• **DATASET**:
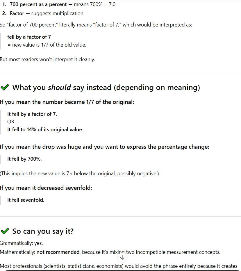i asked chat gpt if i should say "fell by a factor of 700 percent" instead and it said no and then gave me three choices on what to say insteadguess what one of the choices was?>it fell by 700%and the reason it gave for using such mathematically sloppy but grammatically correct language?>If you mean the drop was huge and you want to express the percentage changewe are nitpicking ourselves to death for no fucking raisin
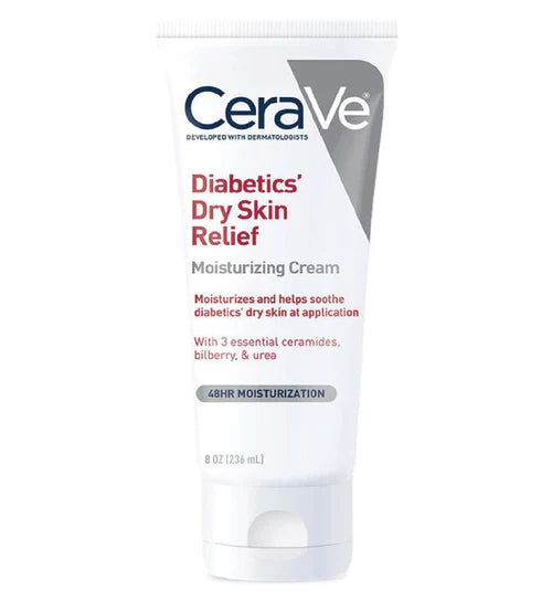 Ingredients that can help hydrate diabetics’ dry skin include ceramides that help restore the skin’s barrier to prevent moisture loss and urea that helps attract and retain moisture. CeraVe Diabetics’ Skin Relief Moisturizing Cream features both of these ingredients to leave diabetics’ es dry skin feeling soft and smooth .
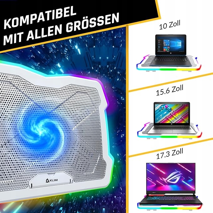Кулер для ноутбука KLIM Ultimate White + RGB – от 11 до 17 дюймов + охлаждение ноутбука + новинка 2024 года + USB-вентилятор + стабильный и тихий + совместимый с Mac XboxOne PS5 PS4
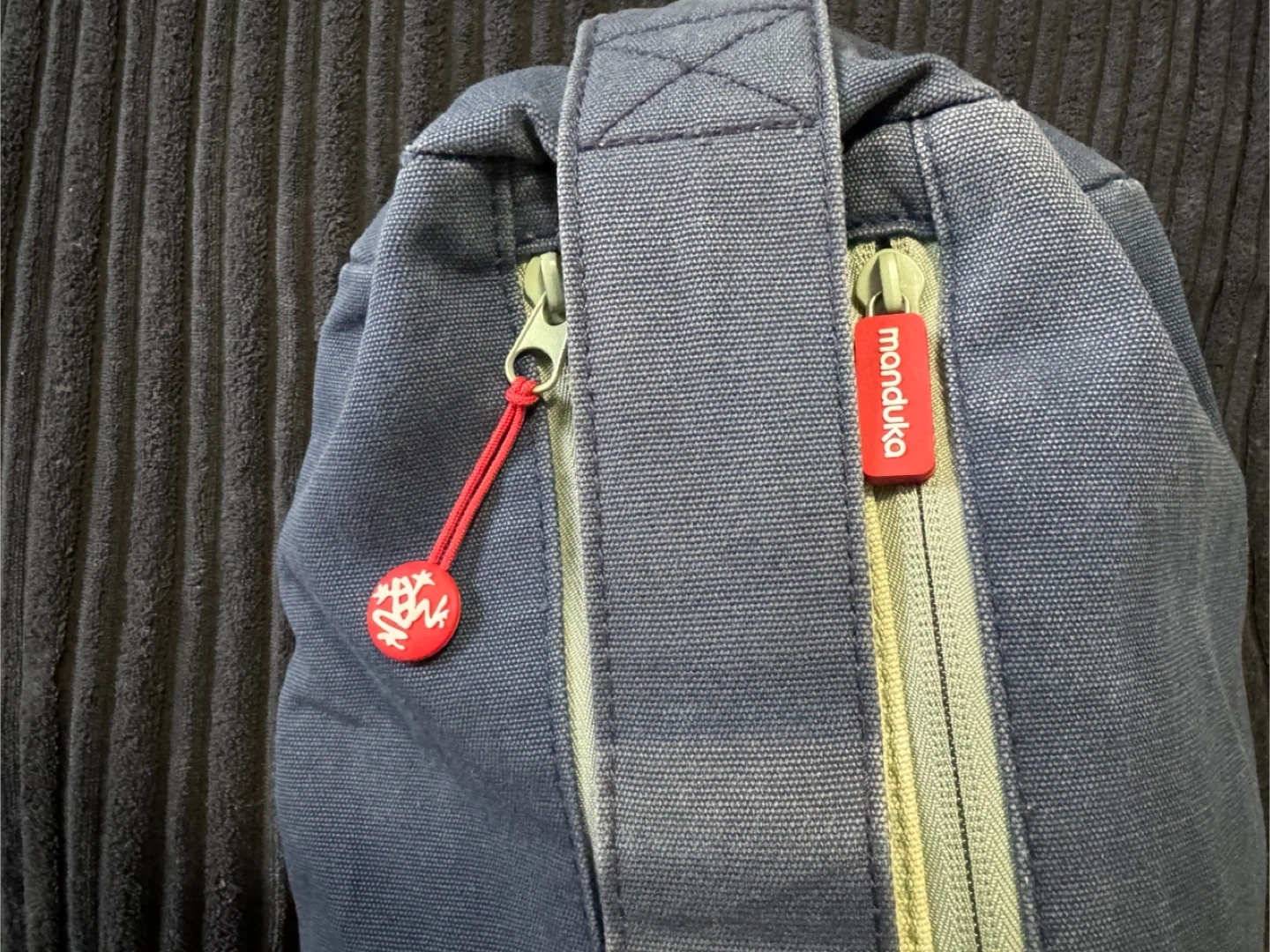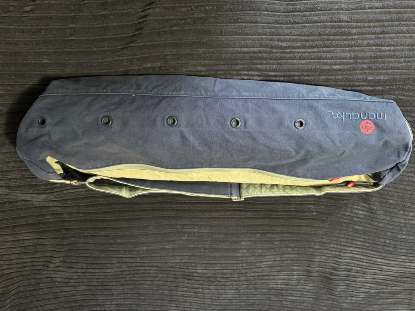 Manduka yoga mat bag in navy blue. Made of durable canvas material, with 2 zippered compartments and strong shoulder strap. Holds a pro Manduka, mat towel, clothing, and water bottle. Zippered pocket for credit cards/cash. And a key hook. It’s in great condition and has been washed.
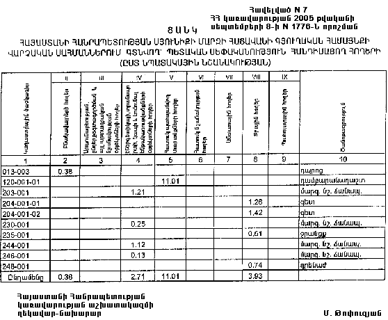 7. Հայաստանի Հանրապետության Սյունիքի մարզպետին` Հայաստանի Հանրապետության կառավարության 2000 թվականի հոկտեմբերի 23-ի N 656 որոշմամբ սահմանված կարգով` սկզբնական հաշվառման տվյալների հիման վրա ապահովել մարզի տարածքում ընթացիկ հաշվառման աշխատանքների իրականացումը:
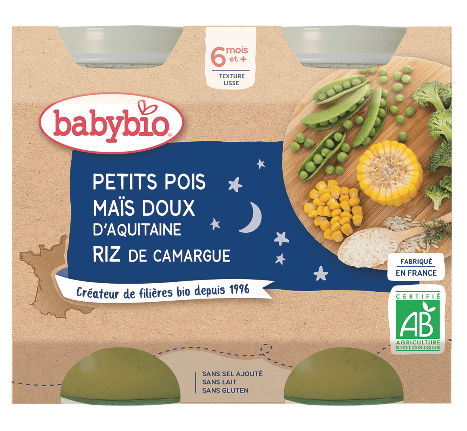 Eau de cuisson, petits pois de France* 25%, maïs doux d'Aquitaine* 15%, oignons de France* 10%, brocolis d'Espagne* 8%, riz de Camargue IGP* 7%, huiles végétales* (colza*, tournesol*), thym*. *Ingrédients issus de l'agriculture biologique
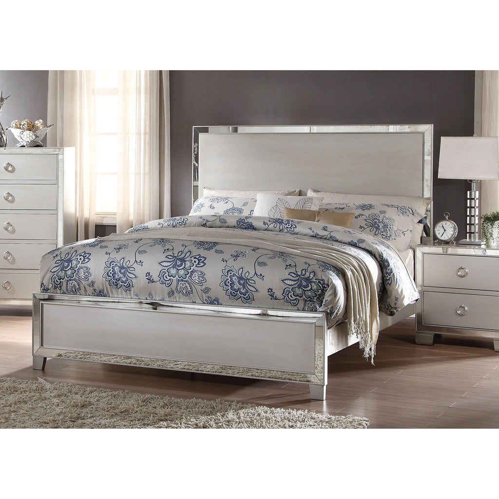 • Panel Bed: Wooden Headboard, Mirrored Trim Inlay
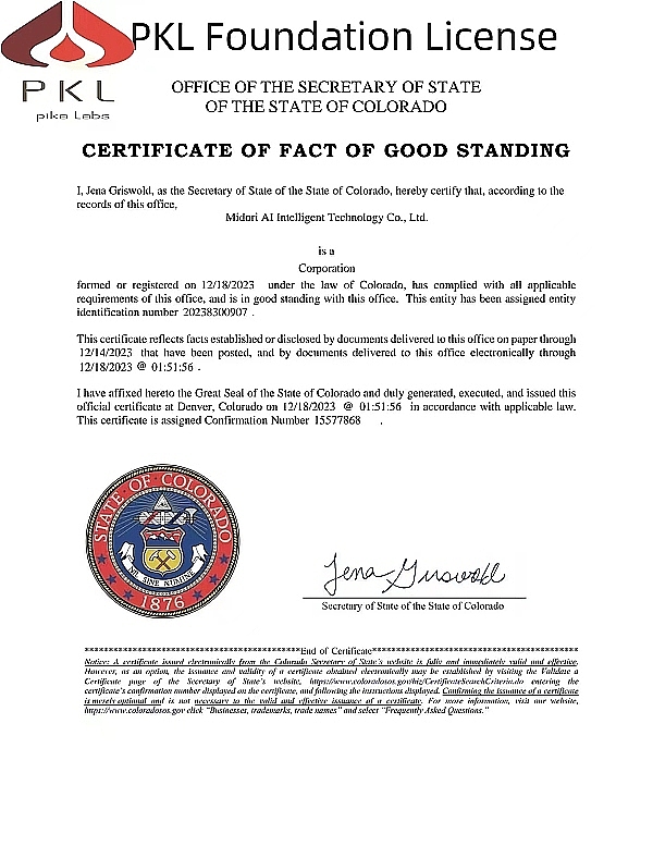 Pika labs(PKL)基金会许可证由科罗拉多州州务卿.耶拿尤斯沃布尔签发证书确认号15577868.
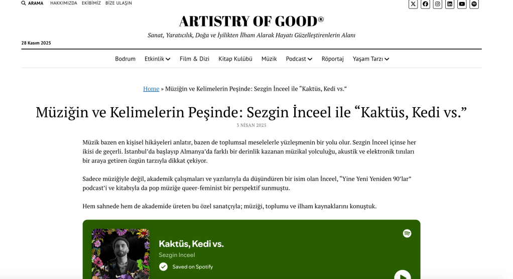 Thank you to Artistry of Good for this wonderful interview: https://artistryofgood.com/muzigin-ve-kelimelerin-pesinde-sezgin-inceel-ile-kaktus-kedi-vs/
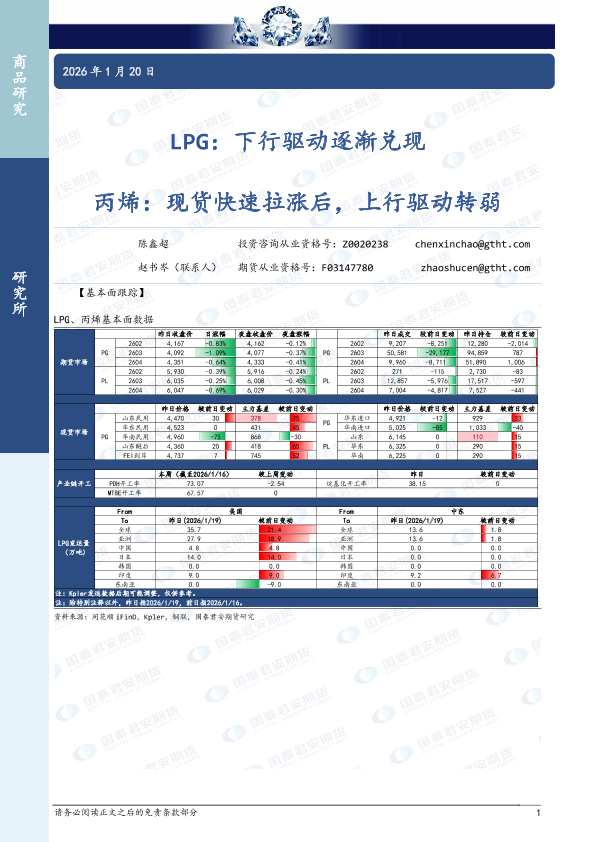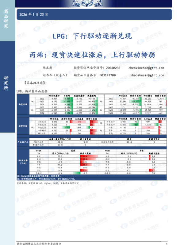 【国泰君安期货】【202601】LPG:下行驱动逐渐兑现 丙烯:现货快速拉涨后,上行驱动转弱-4页
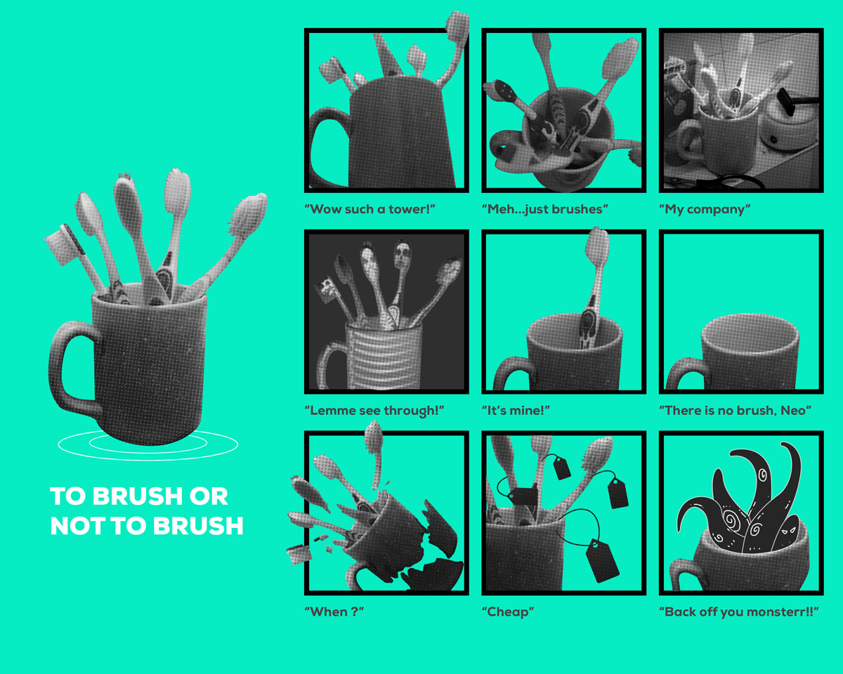 Lấy ý tưởng từ chiếc cốc đựng bàn chải và những chiếc bàn chải đánh răng trong nó. Nguyễn Minh Ngọc đã thể hiện chúng qua 09 cách nhìn khác nhau nhằm khai thác sâu hơn về hình dáng, chất liệu, tính năng cứng – mềm, đặc – linh hoạt,……. của những đồ vật quen thuộc xung quanh ta.
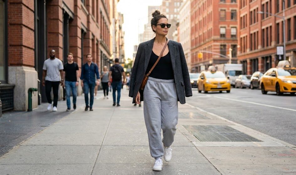 Jak to ograć? Wybierz szare lub beżowe spodnie dresowe i zestaw je z gładkim, białym t-shirtem. Na to narzuć marynarkę oversize (najlepiej w męskim stylu) z mocno zaznaczonymi ramionami. Dodanie do dresów strukturalnej marynarki i skórzanej torebki natychmiast „podnosi” rangę stylizacji, czyniąc ją odpowiednią na lunch czy luźne spotkanie biznesowe.
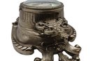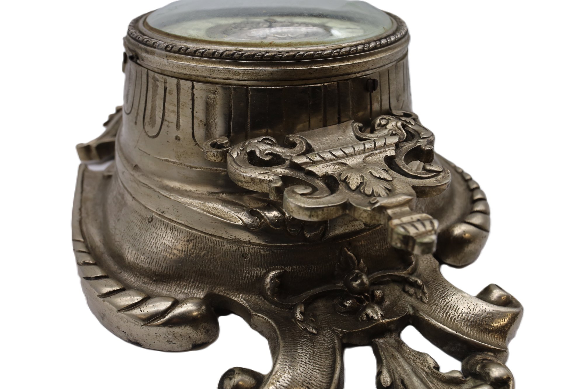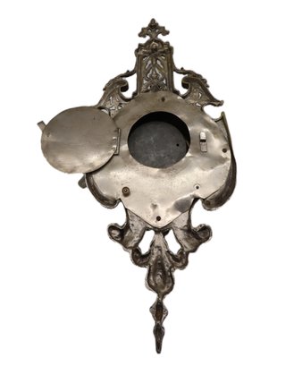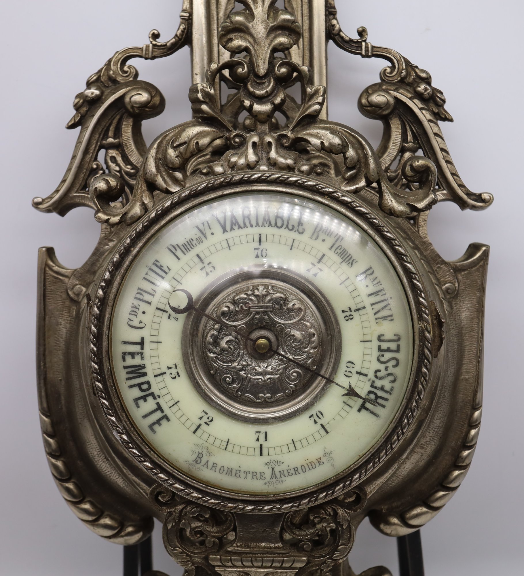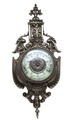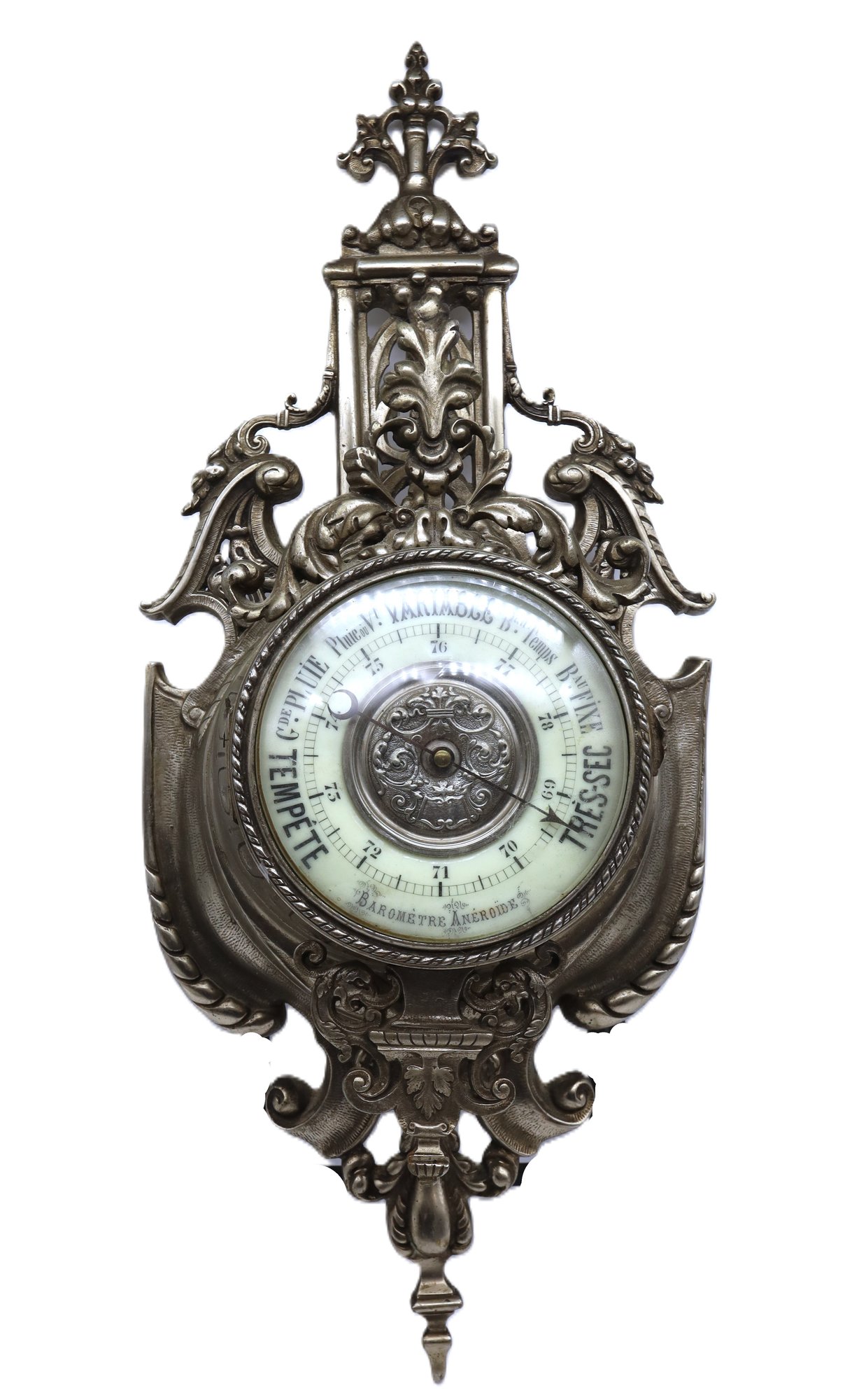 Antique French Barometer with porcelain face with a fantastic scrolled silvered metal case. The face is fitted with a pointer and marked with French readings. 21.5"H x 9"W

• **THE PROBLEM**: With pictures omitted, copy exactly the lines from the one containing "Eau de cuisson, petits" through the final line of the listing, both included.

• **RESPONSE FOR THIS EXERCISE**:
 Eau de cuisson, petits pois de France* 25%, maïs doux d'Aquitaine* 15%, oignons de France* 10%, brocolis d'Espagne* 8%, riz de Camargue IGP* 7%, huiles végétales* (colza*, tournesol*), thym*. *Ingrédients issus de l'agriculture biologique
 • Panel Bed: Wooden Headboard, Mirrored Trim Inlay
 Pika labs(PKL)基金会许可证由科罗拉多州州务卿.耶拿尤斯沃布尔签发证书确认号15577868.
 Thank you to Artistry of Good for this wonderful interview: https://artistryofgood.com/muzigin-ve-kelimelerin-pesinde-sezgin-inceel-ile-kaktus-kedi-vs/
 【国泰君安期货】【202601】LPG:下行驱动逐渐兑现 丙烯:现货快速拉涨后,上行驱动转弱-4页
 Lấy ý tưởng từ chiếc cốc đựng bàn chải và những chiếc bàn chải đánh răng trong nó. Nguyễn Minh Ngọc đã thể hiện chúng qua 09 cách nhìn khác nhau nhằm khai thác sâu hơn về hình dáng, chất liệu, tính năng cứng – mềm, đặc – linh hoạt,……. của những đồ vật quen thuộc xung quanh ta.
 Jak to ograć? Wybierz szare lub beżowe spodnie dresowe i zestaw je z gładkim, białym t-shirtem. Na to narzuć marynarkę oversize (najlepiej w męskim stylu) z mocno zaznaczonymi ramionami. Dodanie do dresów strukturalnej marynarki i skórzanej torebki natychmiast „podnosi” rangę stylizacji, czyniąc ją odpowiednią na lunch czy luźne spotkanie biznesowe.
 Antique French Barometer with porcelain face with a fantastic scrolled silvered metal case. The face is fitted with a pointer and marked with French readings. 21.5"H x 9"W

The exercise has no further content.